The entries need to be copied exactly as they stand, images left out.

[Saved data entries]
════
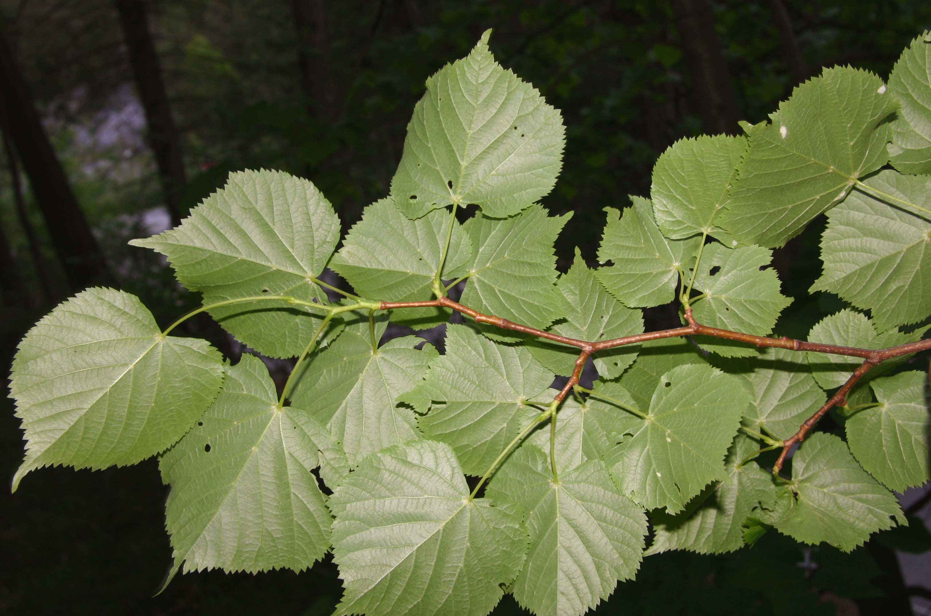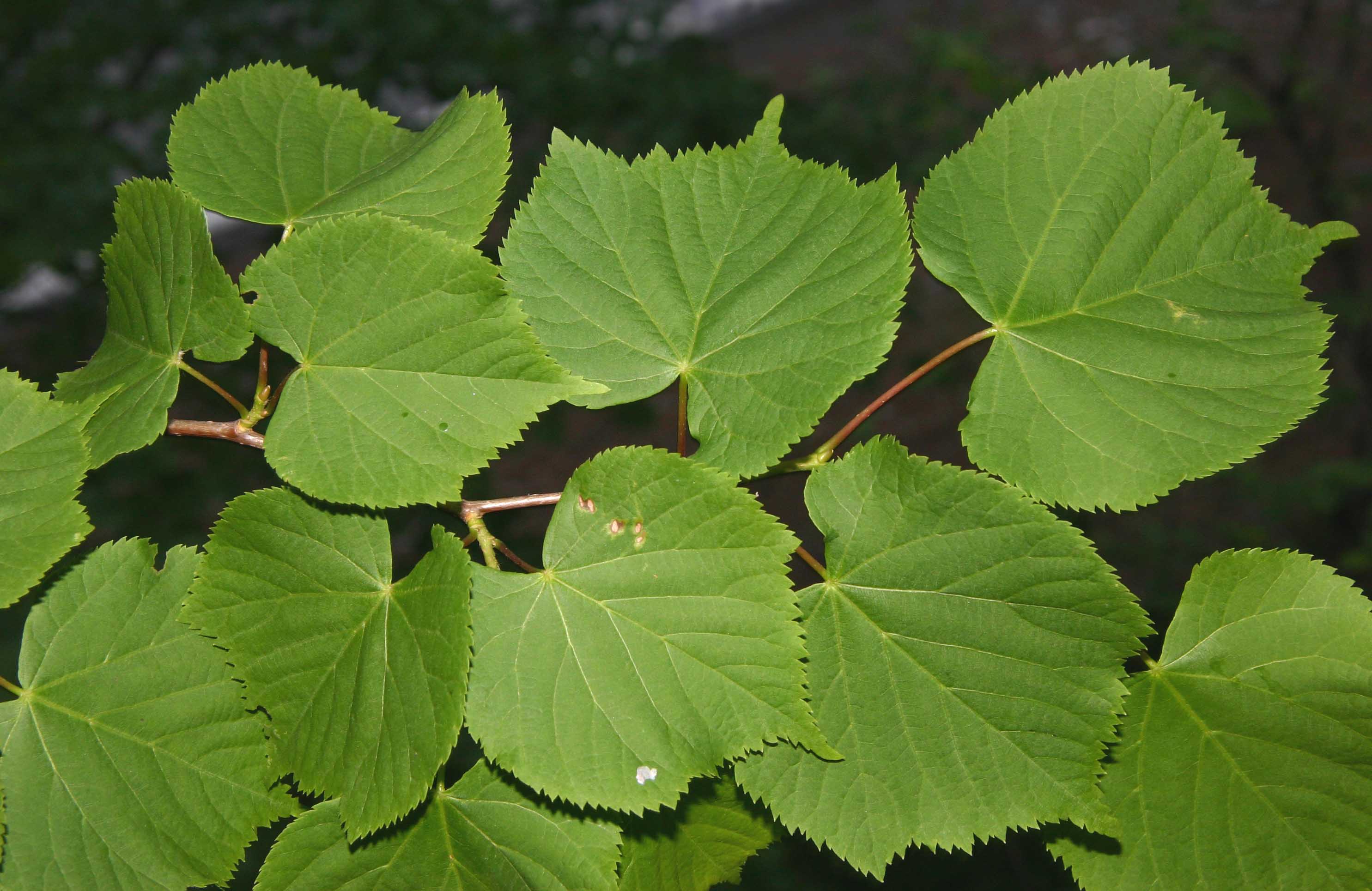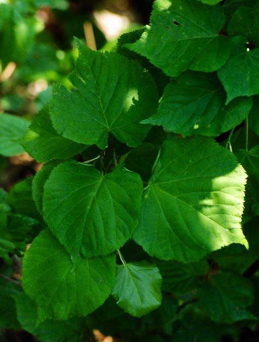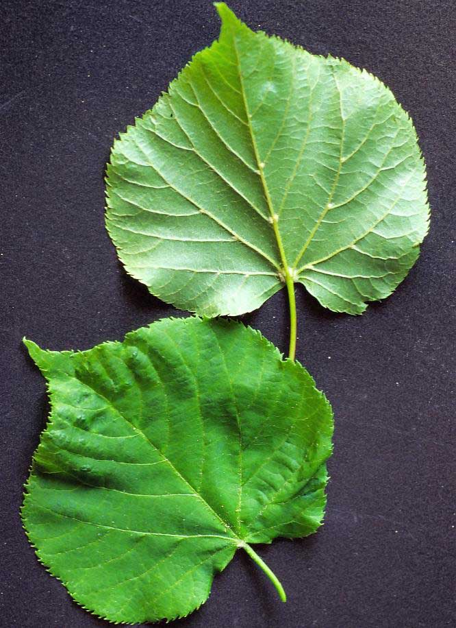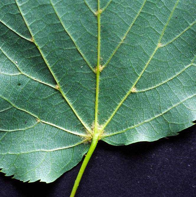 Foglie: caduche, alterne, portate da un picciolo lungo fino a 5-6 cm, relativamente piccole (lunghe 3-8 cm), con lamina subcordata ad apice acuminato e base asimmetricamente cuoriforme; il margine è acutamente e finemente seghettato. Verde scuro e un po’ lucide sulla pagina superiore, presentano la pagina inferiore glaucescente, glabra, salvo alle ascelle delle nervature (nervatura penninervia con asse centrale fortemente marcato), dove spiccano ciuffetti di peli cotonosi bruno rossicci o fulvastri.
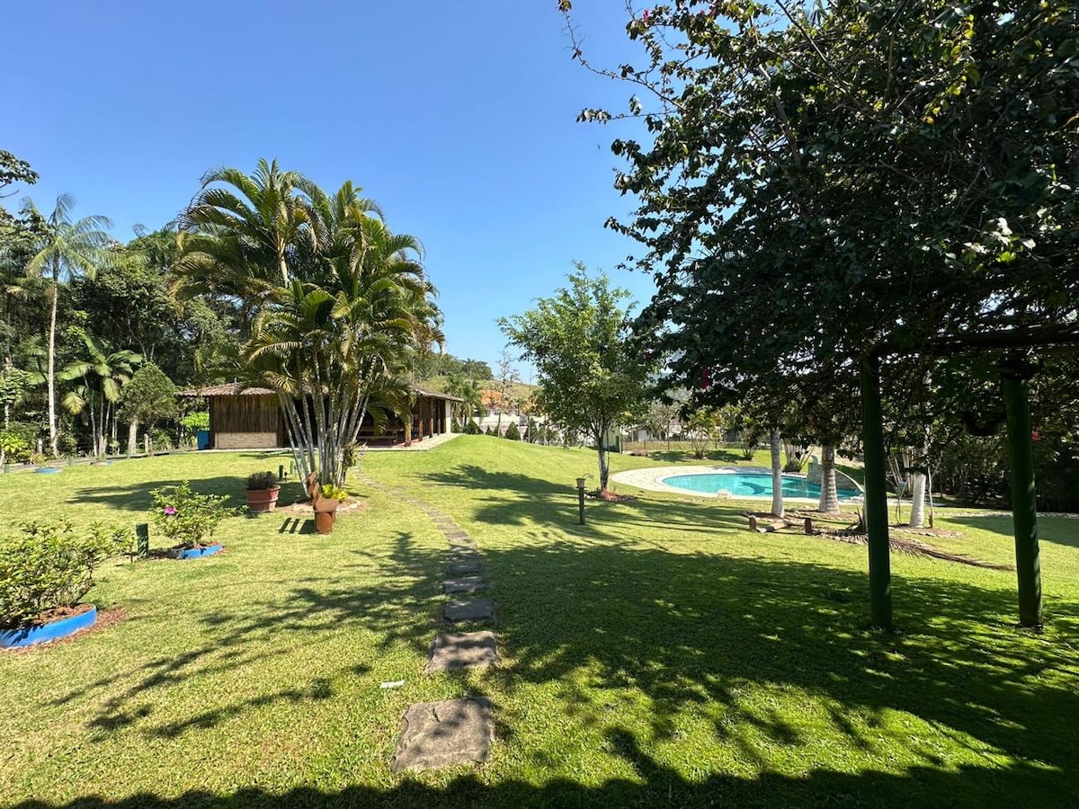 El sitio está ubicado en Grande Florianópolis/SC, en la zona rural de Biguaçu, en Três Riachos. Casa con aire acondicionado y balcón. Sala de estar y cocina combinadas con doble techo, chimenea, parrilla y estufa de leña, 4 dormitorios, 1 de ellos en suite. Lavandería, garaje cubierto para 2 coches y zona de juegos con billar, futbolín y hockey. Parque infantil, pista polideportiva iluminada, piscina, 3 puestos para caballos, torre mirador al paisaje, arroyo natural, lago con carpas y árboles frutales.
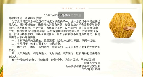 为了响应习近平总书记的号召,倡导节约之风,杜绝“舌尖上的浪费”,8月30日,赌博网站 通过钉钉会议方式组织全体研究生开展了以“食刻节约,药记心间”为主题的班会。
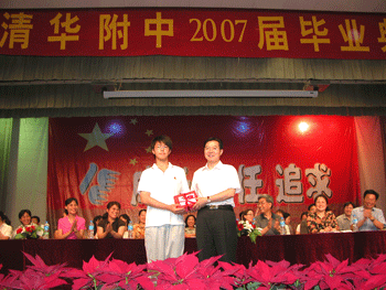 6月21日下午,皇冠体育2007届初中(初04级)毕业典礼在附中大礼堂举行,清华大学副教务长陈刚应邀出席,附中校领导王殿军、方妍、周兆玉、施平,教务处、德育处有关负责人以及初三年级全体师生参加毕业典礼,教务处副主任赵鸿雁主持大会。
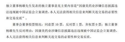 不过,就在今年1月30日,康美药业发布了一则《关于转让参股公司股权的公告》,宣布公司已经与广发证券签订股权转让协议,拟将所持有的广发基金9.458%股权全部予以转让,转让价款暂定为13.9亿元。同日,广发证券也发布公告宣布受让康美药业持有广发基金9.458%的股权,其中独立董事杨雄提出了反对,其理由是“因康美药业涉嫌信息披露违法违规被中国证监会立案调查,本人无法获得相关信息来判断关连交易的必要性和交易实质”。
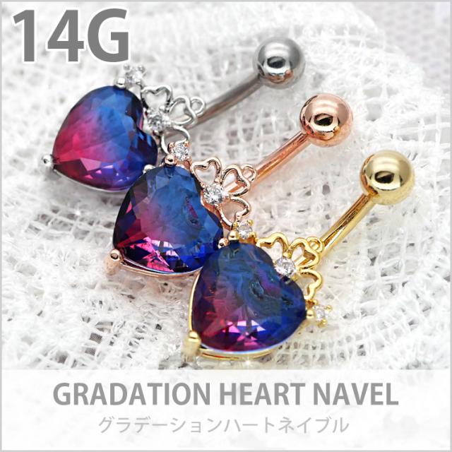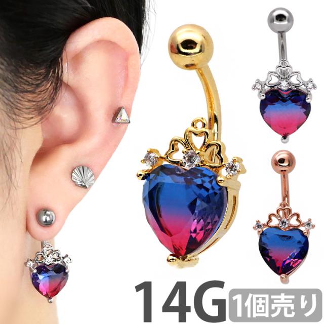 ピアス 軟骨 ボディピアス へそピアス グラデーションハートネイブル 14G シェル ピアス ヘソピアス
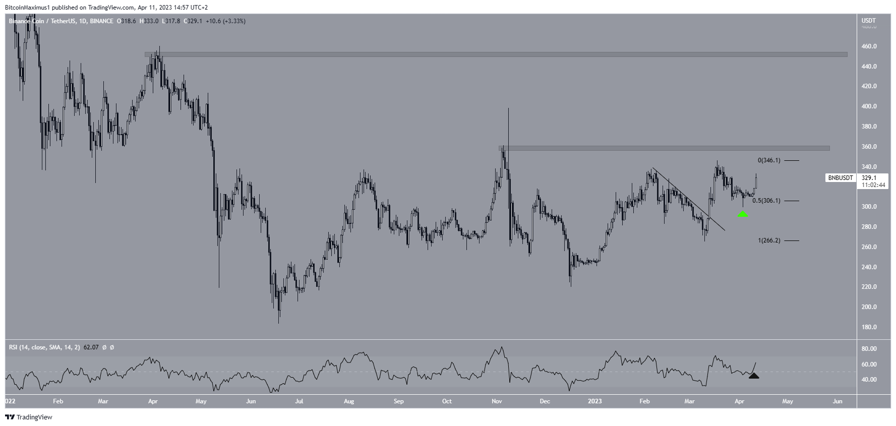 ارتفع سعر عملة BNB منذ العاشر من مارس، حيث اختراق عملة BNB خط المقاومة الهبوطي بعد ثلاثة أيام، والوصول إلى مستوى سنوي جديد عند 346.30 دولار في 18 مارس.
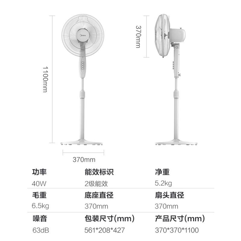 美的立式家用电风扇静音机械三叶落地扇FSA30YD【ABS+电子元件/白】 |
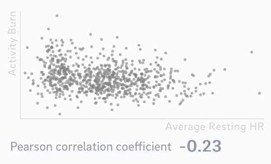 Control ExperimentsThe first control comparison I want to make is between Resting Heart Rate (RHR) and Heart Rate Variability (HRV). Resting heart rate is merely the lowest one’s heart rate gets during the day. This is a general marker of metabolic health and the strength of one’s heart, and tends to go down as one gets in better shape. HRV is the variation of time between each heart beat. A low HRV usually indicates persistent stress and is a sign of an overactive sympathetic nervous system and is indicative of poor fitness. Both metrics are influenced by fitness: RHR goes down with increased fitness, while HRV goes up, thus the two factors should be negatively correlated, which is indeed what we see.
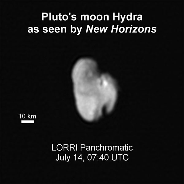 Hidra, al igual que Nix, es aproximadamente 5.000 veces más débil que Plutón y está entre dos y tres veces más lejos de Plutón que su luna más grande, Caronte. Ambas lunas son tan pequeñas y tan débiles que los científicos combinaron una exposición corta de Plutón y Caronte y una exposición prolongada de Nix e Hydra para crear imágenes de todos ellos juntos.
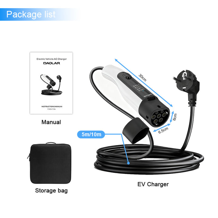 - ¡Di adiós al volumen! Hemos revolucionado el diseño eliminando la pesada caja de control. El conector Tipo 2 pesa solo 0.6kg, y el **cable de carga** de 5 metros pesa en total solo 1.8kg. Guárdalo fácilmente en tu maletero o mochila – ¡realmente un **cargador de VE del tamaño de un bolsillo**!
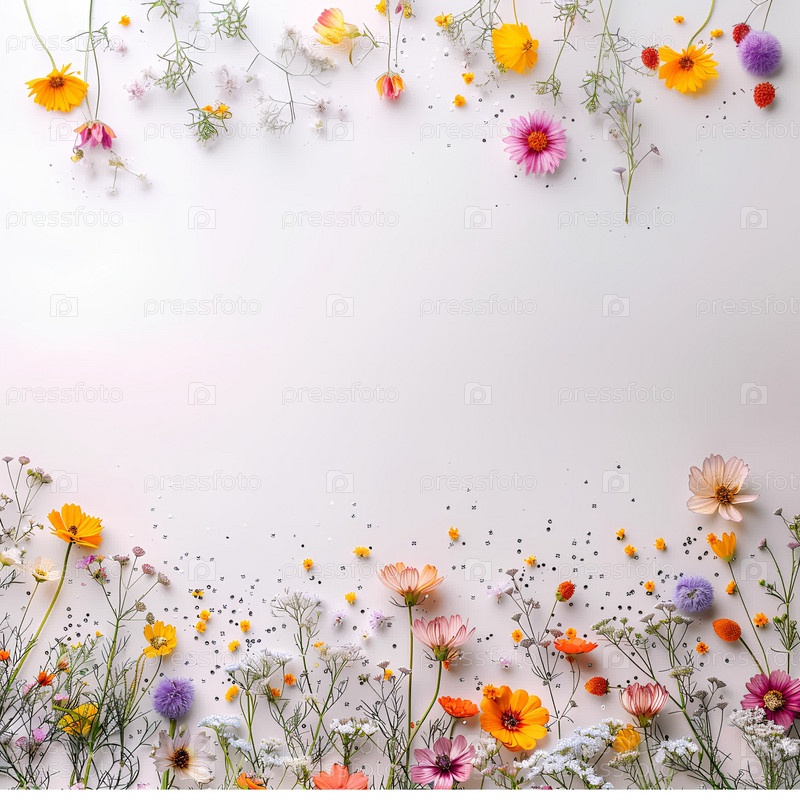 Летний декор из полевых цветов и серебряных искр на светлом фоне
════
- [Response to the exercise]
 Foglie: caduche, alterne, portate da un picciolo lungo fino a 5-6 cm, relativamente piccole (lunghe 3-8 cm), con lamina subcordata ad apice acuminato e base asimmetricamente cuoriforme; il margine è acutamente e finemente seghettato. Verde scuro e un po’ lucide sulla pagina superiore, presentano la pagina inferiore glaucescente, glabra, salvo alle ascelle delle nervature (nervatura penninervia con asse centrale fortemente marcato), dove spiccano ciuffetti di peli cotonosi bruno rossicci o fulvastri.
 El sitio está ubicado en Grande Florianópolis/SC, en la zona rural de Biguaçu, en Três Riachos. Casa con aire acondicionado y balcón. Sala de estar y cocina combinadas con doble techo, chimenea, parrilla y estufa de leña, 4 dormitorios, 1 de ellos en suite. Lavandería, garaje cubierto para 2 coches y zona de juegos con billar, futbolín y hockey. Parque infantil, pista polideportiva iluminada, piscina, 3 puestos para caballos, torre mirador al paisaje, arroyo natural, lago con carpas y árboles frutales.
 为了响应习近平总书记的号召,倡导节约之风,杜绝“舌尖上的浪费”,8月30日,赌博网站 通过钉钉会议方式组织全体研究生开展了以“食刻节约,药记心间”为主题的班会。
 6月21日下午,皇冠体育2007届初中(初04级)毕业典礼在附中大礼堂举行,清华大学副教务长陈刚应邀出席,附中校领导王殿军、方妍、周兆玉、施平,教务处、德育处有关负责人以及初三年级全体师生参加毕业典礼,教务处副主任赵鸿雁主持大会。
 不过,就在今年1月30日,康美药业发布了一则《关于转让参股公司股权的公告》,宣布公司已经与广发证券签订股权转让协议,拟将所持有的广发基金9.458%股权全部予以转让,转让价款暂定为13.9亿元。同日,广发证券也发布公告宣布受让康美药业持有广发基金9.458%的股权,其中独立董事杨雄提出了反对,其理由是“因康美药业涉嫌信息披露违法违规被中国证监会立案调查,本人无法获得相关信息来判断关连交易的必要性和交易实质”。
 ピアス 軟骨 ボディピアス へそピアス グラデーションハートネイブル 14G シェル ピアス ヘソピアス
 ارتفع سعر عملة BNB منذ العاشر من مارس، حيث اختراق عملة BNB خط المقاومة الهبوطي بعد ثلاثة أيام، والوصول إلى مستوى سنوي جديد عند 346.30 دولار في 18 مارس.
 美的立式家用电风扇静音机械三叶落地扇FSA30YD【ABS+电子元件/白】 |
 Control ExperimentsThe first control comparison I want to make is between Resting Heart Rate (RHR) and Heart Rate Variability (HRV). Resting heart rate is merely the lowest one’s heart rate gets during the day. This is a general marker of metabolic health and the strength of one’s heart, and tends to go down as one gets in better shape. HRV is the variation of time between each heart beat. A low HRV usually indicates persistent stress and is a sign of an overactive sympathetic nervous system and is indicative of poor fitness. Both metrics are influenced by fitness: RHR goes down with increased fitness, while HRV goes up, thus the two factors should be negatively correlated, which is indeed what we see.
 Hidra, al igual que Nix, es aproximadamente 5.000 veces más débil que Plutón y está entre dos y tres veces más lejos de Plutón que su luna más grande, Caronte. Ambas lunas son tan pequeñas y tan débiles que los científicos combinaron una exposición corta de Plutón y Caronte y una exposición prolongada de Nix e Hydra para crear imágenes de todos ellos juntos.
 - ¡Di adiós al volumen! Hemos revolucionado el diseño eliminando la pesada caja de control. El conector Tipo 2 pesa solo 0.6kg, y el **cable de carga** de 5 metros pesa en total solo 1.8kg. Guárdalo fácilmente en tu maletero o mochila – ¡realmente un **cargador de VE del tamaño de un bolsillo**!
 Летний декор из полевых цветов и серебряных искр на светлом фоне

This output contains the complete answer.